DATA EXTRACT:
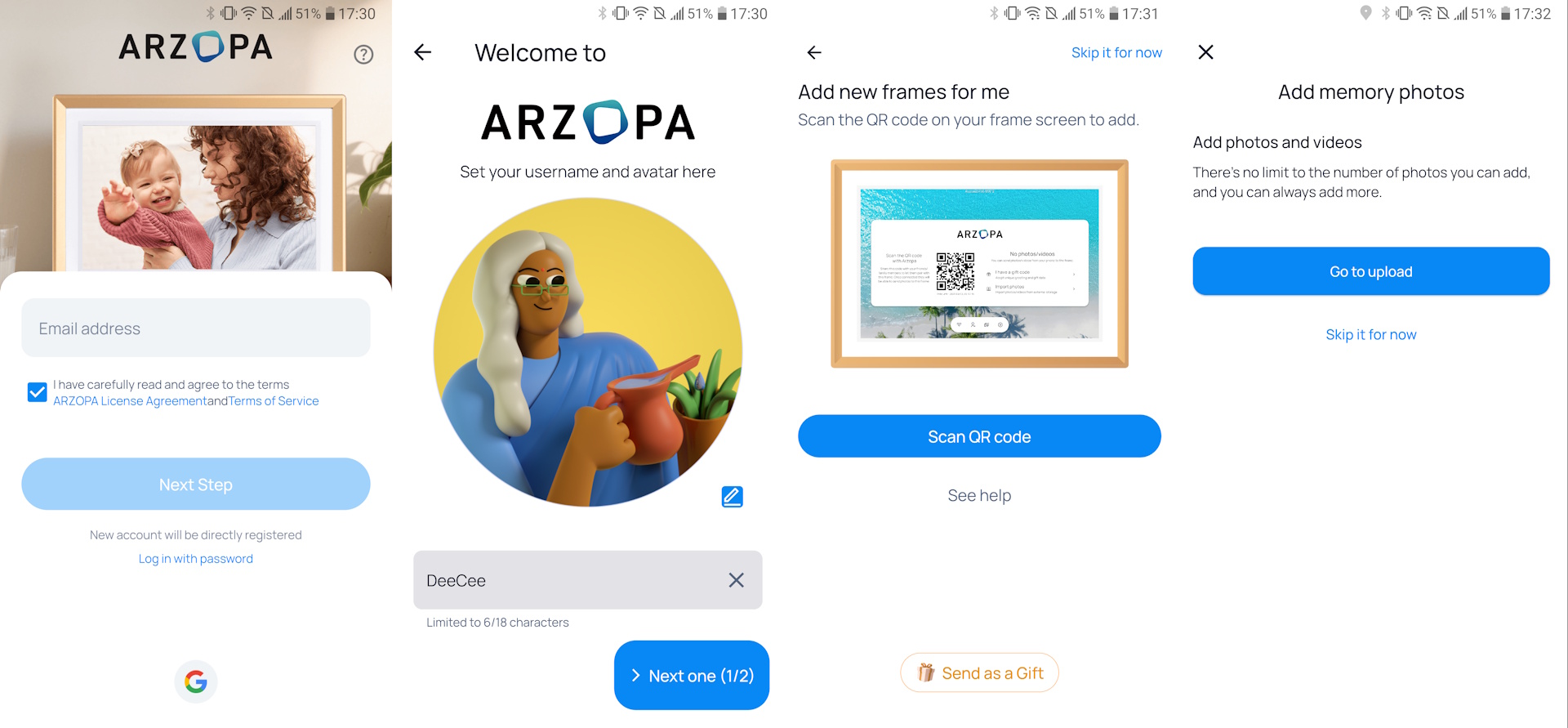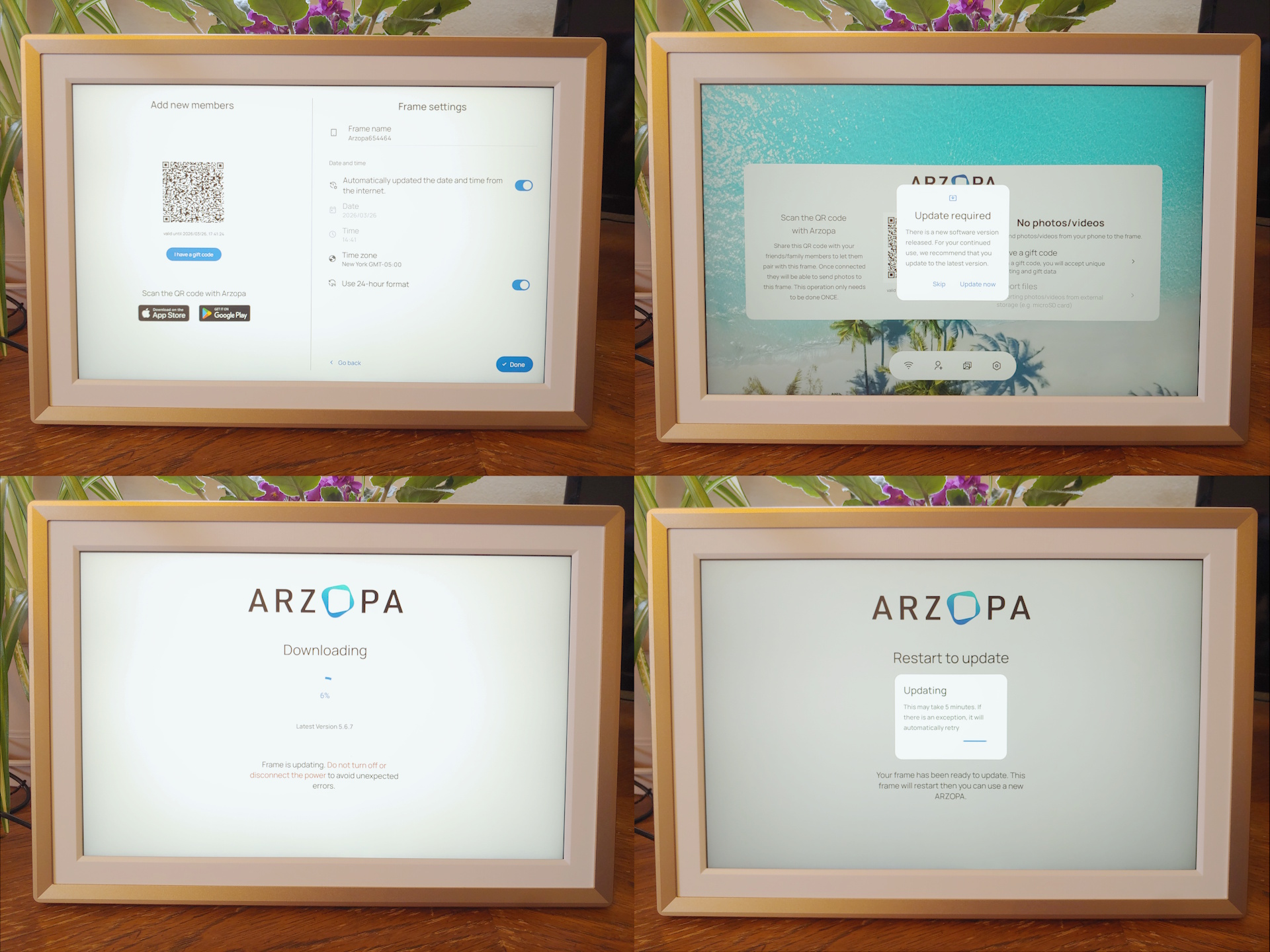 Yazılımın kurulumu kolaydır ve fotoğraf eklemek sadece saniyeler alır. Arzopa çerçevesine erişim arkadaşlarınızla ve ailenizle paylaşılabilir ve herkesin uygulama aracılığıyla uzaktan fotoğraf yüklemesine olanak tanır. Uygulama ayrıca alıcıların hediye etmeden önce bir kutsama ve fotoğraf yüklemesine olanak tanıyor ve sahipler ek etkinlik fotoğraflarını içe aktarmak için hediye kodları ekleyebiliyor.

--

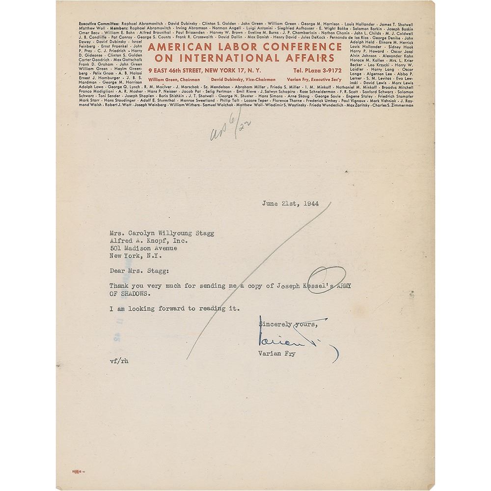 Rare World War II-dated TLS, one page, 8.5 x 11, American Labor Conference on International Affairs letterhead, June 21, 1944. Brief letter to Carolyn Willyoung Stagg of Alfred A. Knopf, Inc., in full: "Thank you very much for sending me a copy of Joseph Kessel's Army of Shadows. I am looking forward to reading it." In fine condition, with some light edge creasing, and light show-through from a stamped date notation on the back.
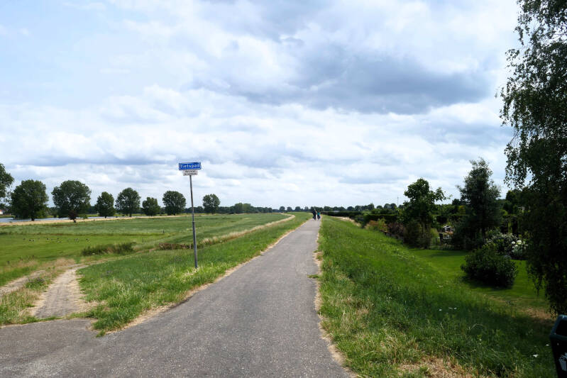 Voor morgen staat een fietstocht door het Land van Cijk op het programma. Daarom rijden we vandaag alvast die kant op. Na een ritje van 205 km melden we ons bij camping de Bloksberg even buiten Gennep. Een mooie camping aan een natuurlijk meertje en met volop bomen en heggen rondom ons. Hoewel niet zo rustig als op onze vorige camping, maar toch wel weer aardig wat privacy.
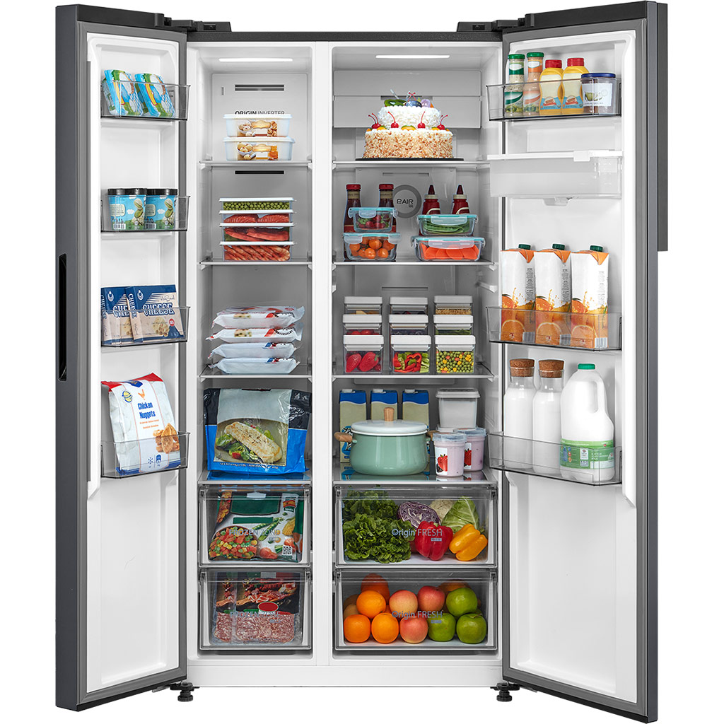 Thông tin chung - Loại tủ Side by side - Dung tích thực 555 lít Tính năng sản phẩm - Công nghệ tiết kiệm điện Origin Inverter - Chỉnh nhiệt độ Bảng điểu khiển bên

* * *

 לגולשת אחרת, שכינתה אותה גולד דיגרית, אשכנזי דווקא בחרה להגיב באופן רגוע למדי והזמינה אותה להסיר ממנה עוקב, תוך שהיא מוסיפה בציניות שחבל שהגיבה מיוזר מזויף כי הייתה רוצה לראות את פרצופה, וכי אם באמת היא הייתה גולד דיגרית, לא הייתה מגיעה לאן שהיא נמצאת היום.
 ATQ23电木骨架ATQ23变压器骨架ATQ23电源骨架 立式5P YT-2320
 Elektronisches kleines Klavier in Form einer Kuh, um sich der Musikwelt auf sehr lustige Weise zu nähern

AIM OF THE EXERCISE: For the lines above, output exactly those from the line containing "לגולשת אחרת, שכינתה" through the line containing "Elektronisches kleines Klavier", and skip the others.

SOLVED PROBLEM:
 לגולשת אחרת, שכינתה אותה גולד דיגרית, אשכנזי דווקא בחרה להגיב באופן רגוע למדי והזמינה אותה להסיר ממנה עוקב, תוך שהיא מוסיפה בציניות שחבל שהגיבה מיוזר מזויף כי הייתה רוצה לראות את פרצופה, וכי אם באמת היא הייתה גולד דיגרית, לא הייתה מגיעה לאן שהיא נמצאת היום.
 ATQ23电木骨架ATQ23变压器骨架ATQ23电源骨架 立式5P YT-2320
 Elektronisches kleines Klavier in Form einer Kuh, um sich der Musikwelt auf sehr lustige Weise zu nähern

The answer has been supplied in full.